Здесь, в этом городе я вырос. Здесь прошло все мое детство. Здесь же восемь лет тому назад я пришел в разведку. Тогда была война, и другого пути выполнить долг перед Родиной у меня не было. Если бы сегодня моей стране снова угрожала подобная опасность, я, не задумываясь, поступил бы так же, как тогда.
Но война давно кончилась. Я свободен в своем выборе.
Порыв ветра бросает мне в лицо горсть холодных капель. По крыше начинает стучать дождь. Я закрываю окно и ложусь на диван. Одна и та же мысль преследует меня. Ровно восемь лет… Хотя, нет.
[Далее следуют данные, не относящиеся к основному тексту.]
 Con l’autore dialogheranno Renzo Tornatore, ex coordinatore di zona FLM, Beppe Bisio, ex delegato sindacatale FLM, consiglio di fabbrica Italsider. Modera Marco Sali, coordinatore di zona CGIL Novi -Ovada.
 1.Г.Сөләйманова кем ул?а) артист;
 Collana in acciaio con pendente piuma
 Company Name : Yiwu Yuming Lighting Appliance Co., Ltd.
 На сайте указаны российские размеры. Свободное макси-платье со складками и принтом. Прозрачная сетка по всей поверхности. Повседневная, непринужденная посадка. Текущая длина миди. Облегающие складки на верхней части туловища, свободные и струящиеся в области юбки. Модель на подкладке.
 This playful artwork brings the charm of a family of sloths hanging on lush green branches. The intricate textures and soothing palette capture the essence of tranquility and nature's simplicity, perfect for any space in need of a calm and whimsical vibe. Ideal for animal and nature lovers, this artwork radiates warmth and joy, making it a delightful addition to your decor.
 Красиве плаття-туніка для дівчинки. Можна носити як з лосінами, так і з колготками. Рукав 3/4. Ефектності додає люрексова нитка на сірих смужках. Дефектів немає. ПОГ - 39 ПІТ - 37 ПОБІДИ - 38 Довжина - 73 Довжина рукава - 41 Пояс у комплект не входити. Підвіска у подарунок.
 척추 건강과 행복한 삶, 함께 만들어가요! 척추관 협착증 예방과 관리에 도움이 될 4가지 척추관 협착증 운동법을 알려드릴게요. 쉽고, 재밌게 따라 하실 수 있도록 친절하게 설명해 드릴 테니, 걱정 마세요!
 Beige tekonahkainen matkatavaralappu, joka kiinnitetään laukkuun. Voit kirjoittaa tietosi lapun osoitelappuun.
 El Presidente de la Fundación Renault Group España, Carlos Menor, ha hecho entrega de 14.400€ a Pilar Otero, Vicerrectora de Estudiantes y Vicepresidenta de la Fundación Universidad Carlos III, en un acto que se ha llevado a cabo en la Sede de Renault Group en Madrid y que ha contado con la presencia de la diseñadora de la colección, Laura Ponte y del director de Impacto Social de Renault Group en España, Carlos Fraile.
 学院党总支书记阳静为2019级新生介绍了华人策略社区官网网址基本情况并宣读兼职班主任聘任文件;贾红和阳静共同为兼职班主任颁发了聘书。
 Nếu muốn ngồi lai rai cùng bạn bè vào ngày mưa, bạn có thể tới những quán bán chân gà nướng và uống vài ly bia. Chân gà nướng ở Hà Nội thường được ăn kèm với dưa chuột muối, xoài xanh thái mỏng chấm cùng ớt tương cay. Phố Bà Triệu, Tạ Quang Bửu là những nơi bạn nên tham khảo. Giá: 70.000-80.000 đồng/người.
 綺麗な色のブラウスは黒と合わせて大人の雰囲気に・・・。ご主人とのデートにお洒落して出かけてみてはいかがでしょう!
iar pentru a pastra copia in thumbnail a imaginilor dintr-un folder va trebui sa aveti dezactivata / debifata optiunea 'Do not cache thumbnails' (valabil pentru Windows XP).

Ровно восемь лет моей работы в разведке исполнилось две недели тому назад, когда я был в Бухаресте и когда написал свой рапорт в Москву. Он был короток:
«Москва, начальнику бюро номер один МГБ СССР, генералу-лейтенанту П.А.Судоплатову. Прошу немедленно вернуть меня в Советский Союз и от дальнейшей работы в разведке освободить. Бухарест, 28 сентября 1949 года. Алексей».
«Алексей» — мой служебный псевдоним. Итак, я решил вырваться из советской разведки, перестать иметь с ней что-либо общее. Я знаю, что это будет нелегко, может быть, не совсем безопасно. Но так же, как и восемь лет назад, — другого пути у меня нет.
Начавшийся ночью дождь шел все утро и первую половину дня. Серые полоски капель били наотмаш по заплывшим водой окнам троллейбуса. Из кабинки водителя донеслись сухие щелчки. Дверь шипя открылась, и я соскочил на тротуар. Троллейбус отъехал, и передо мной открылся знакомый памятник.
Все по-старому на этой каменной площадке. Те же тройные фонари венчиком, как бы снятые с коляски замоскворецкого извозчика. Те же лиловые иван-да-марьи в газонах рядом, и снова чья-то неизвестная рука бережно рассыпала пучок гвоздики на верхней ступеньке темного мрамора. Все так же стоял он на своем постаменте, неорежно заложив руки за спину и задумчиво поглядывал на полнолюдную, беспокойную Москву.